Bairstow's fortitude was augmented, he added, by some technical tinkering with the help of James Foster, the wicketkeeping coach, in the indoor nets before the start of this innings. "We literally had a bit of fun this morning and just went back to something from years ago," he said. "You can look at technique a lot, but you've got to keep it natural about the way that you're moving. Otherwise you become a bit clunky and a bit too rigid.
"And that's what I feel sometimes I got to," he added. "I was trying to be something that potentially I'm not. One of my strengths is putting the pressure back on the bowlers, and running between the wickets, and trying to get them off their length to then give me a different ball. And in some ways, I wasn't necessarily doing that. But that also comes with spending time out in the middle, consistently."
They were revealing remarks from a player who is all too easily criticised for his failings at Test level - in particular, perhaps, his tendency to get bowled with the same leg-sided set-up that frees him up for so many white-ball cover-drives - when he perhaps more than any other player epitomises the choices that England's star names are required to make in their attempts to achieve excellence in three formats at once.

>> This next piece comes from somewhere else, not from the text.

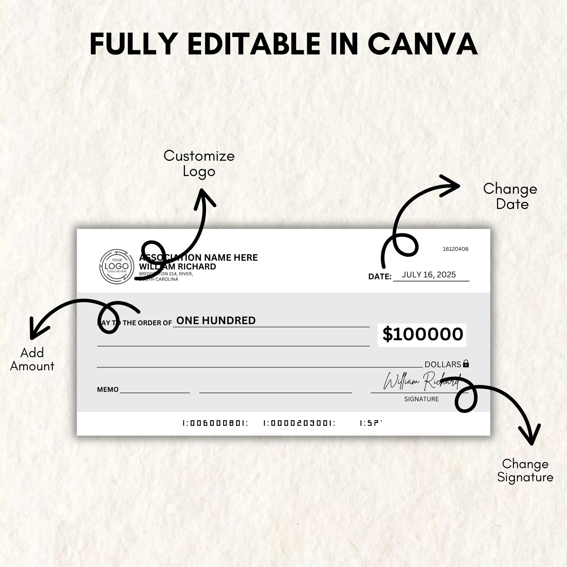 Elevate your fundraising or manifestation goals with this Blank Check Template! Perfect for charity events, personal use, or vision board goals, this editable Canva template allows you to customize details effortlessly. Whether you're hosting a charity fundraiser or using it as a manifestation check, this template is a versatile and stylish solution. Instant download and easy to personalizeƒ??start creating today!

Today, his set-up was more pointedly off-sided, to cover off those stumps, but the bullish brilliance that Bairstow has consistently shown in white-ball cricket over the past six years, and which was instrumental in the 2019 World Cup win, was back in evidence in the latter stages of his Sydney knock - not least once Mark Wood had joined him in a rollicking seventh-wicket stand of 72 that carried the fight deep into the evening session.
But crucially, he had gone through the gears by that stage too, a process that cannot be fast-tracked against an attack of Australia's quality, for all that England's batting frailties have left them in a rush for runs all series long.
"You've got to earn the right to show the intent," Bairstow said. "You can't be reckless with it. It's about being positive in your movements, your body language, the way in which you address the crease, leave the ball. There's many different ways in which you can put pressure back on, but in those situations, you've definitely got to earn that and execute, and today we executed it well."